Source information section start

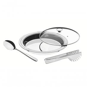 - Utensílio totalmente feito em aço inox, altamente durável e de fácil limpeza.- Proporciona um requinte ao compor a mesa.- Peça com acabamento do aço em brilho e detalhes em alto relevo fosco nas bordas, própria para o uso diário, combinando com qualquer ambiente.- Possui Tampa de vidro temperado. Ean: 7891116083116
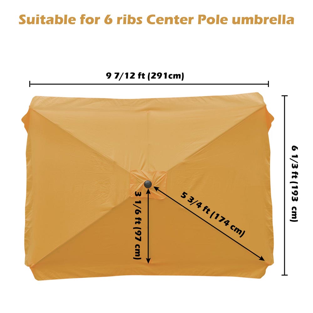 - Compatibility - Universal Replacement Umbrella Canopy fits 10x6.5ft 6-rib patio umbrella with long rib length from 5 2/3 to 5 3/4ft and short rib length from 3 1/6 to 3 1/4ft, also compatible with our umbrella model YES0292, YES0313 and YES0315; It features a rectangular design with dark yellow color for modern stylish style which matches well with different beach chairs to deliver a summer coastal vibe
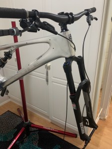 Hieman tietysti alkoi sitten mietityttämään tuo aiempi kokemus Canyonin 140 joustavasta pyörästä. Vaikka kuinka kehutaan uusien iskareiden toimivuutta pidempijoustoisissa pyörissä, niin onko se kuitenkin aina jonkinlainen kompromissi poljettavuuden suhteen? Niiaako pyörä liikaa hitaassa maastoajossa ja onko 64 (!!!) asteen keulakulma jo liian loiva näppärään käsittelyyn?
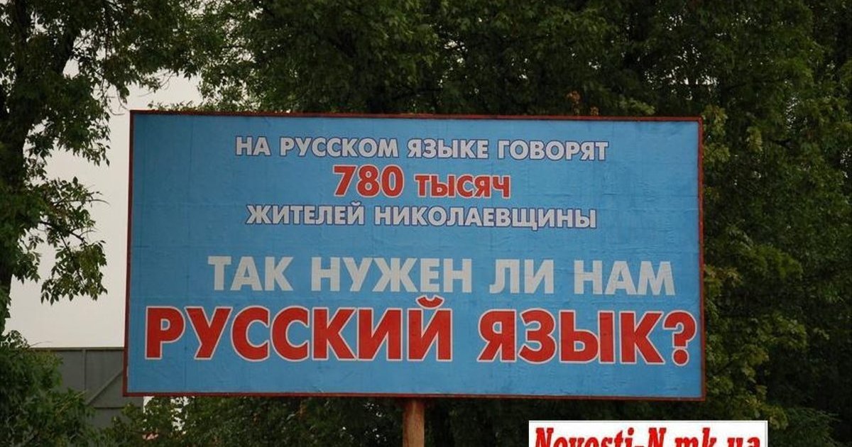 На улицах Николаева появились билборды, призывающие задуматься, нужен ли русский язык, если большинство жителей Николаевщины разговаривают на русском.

Source information section end
Source information section start

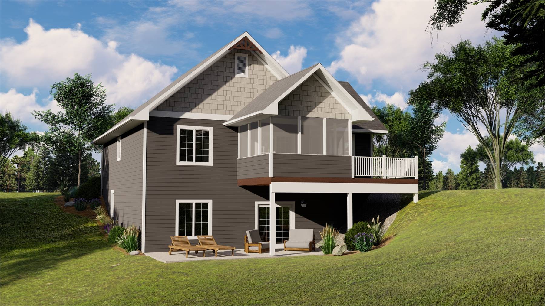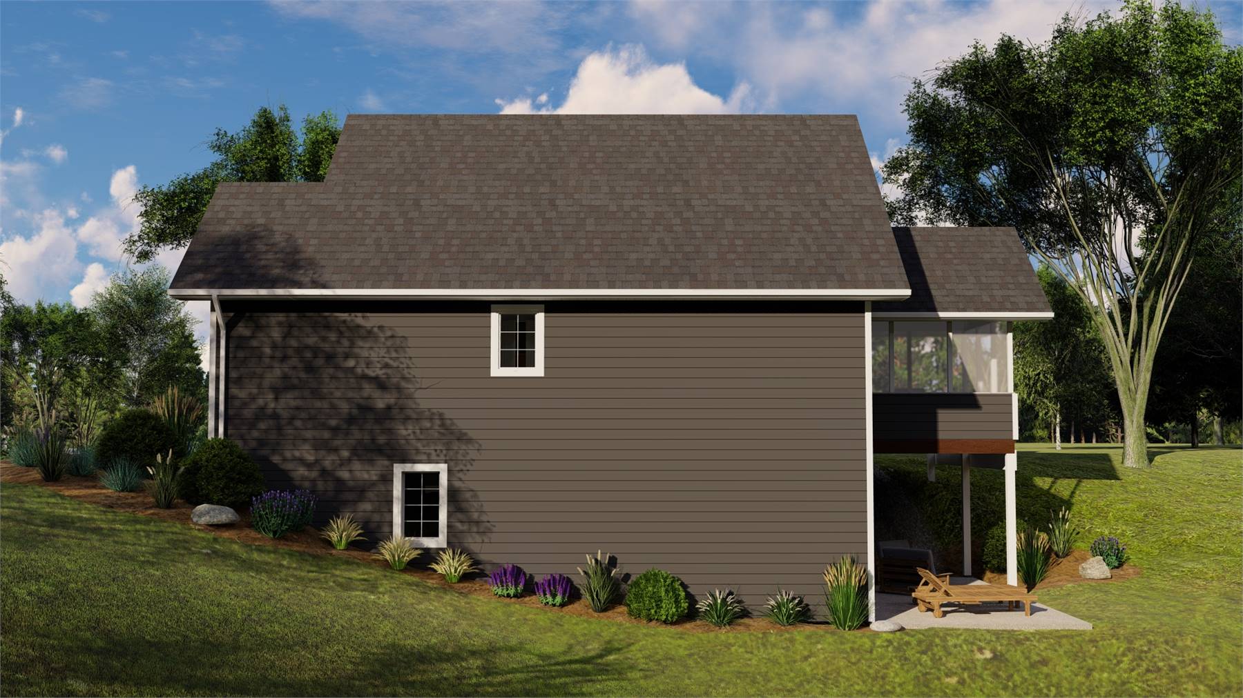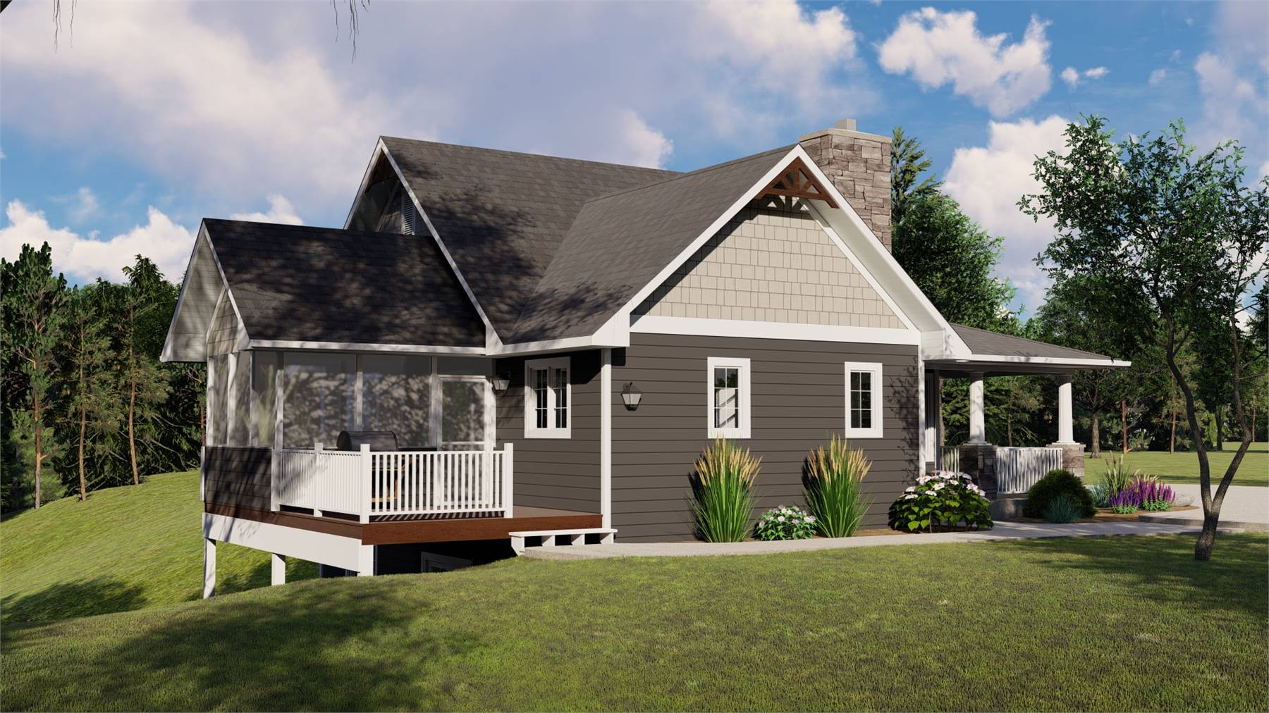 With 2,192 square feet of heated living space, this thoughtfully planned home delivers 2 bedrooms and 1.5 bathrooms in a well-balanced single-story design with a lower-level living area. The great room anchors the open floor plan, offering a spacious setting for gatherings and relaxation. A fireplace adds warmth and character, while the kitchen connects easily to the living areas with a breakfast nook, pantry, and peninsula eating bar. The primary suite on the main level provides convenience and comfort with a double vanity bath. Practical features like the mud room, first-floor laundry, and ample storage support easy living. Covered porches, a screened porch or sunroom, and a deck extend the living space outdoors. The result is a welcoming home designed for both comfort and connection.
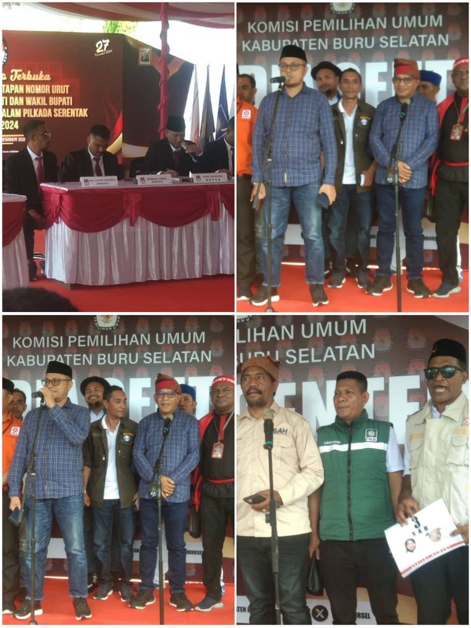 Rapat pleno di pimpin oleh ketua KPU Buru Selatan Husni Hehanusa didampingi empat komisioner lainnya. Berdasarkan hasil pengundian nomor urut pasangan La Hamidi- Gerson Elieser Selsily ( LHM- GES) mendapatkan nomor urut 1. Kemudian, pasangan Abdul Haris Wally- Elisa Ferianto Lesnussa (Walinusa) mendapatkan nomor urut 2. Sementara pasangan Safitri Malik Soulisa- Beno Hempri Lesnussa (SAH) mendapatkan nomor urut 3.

Source information section end

__Directions__
From the line containing "- Utensílio totalmente" through the line containing "На улицах Николаева", copy every line above exactly, without pictures.

__Answer below__
 - Utensílio totalmente feito em aço inox, altamente durável e de fácil limpeza.- Proporciona um requinte ao compor a mesa.- Peça com acabamento do aço em brilho e detalhes em alto relevo fosco nas bordas, própria para o uso diário, combinando com qualquer ambiente.- Possui Tampa de vidro temperado. Ean: 7891116083116
 - Compatibility - Universal Replacement Umbrella Canopy fits 10x6.5ft 6-rib patio umbrella with long rib length from 5 2/3 to 5 3/4ft and short rib length from 3 1/6 to 3 1/4ft, also compatible with our umbrella model YES0292, YES0313 and YES0315; It features a rectangular design with dark yellow color for modern stylish style which matches well with different beach chairs to deliver a summer coastal vibe
 Hieman tietysti alkoi sitten mietityttämään tuo aiempi kokemus Canyonin 140 joustavasta pyörästä. Vaikka kuinka kehutaan uusien iskareiden toimivuutta pidempijoustoisissa pyörissä, niin onko se kuitenkin aina jonkinlainen kompromissi poljettavuuden suhteen? Niiaako pyörä liikaa hitaassa maastoajossa ja onko 64 (!!!) asteen keulakulma jo liian loiva näppärään käsittelyyn?
 На улицах Николаева появились билборды, призывающие задуматься, нужен ли русский язык, если большинство жителей Николаевщины разговаривают на русском.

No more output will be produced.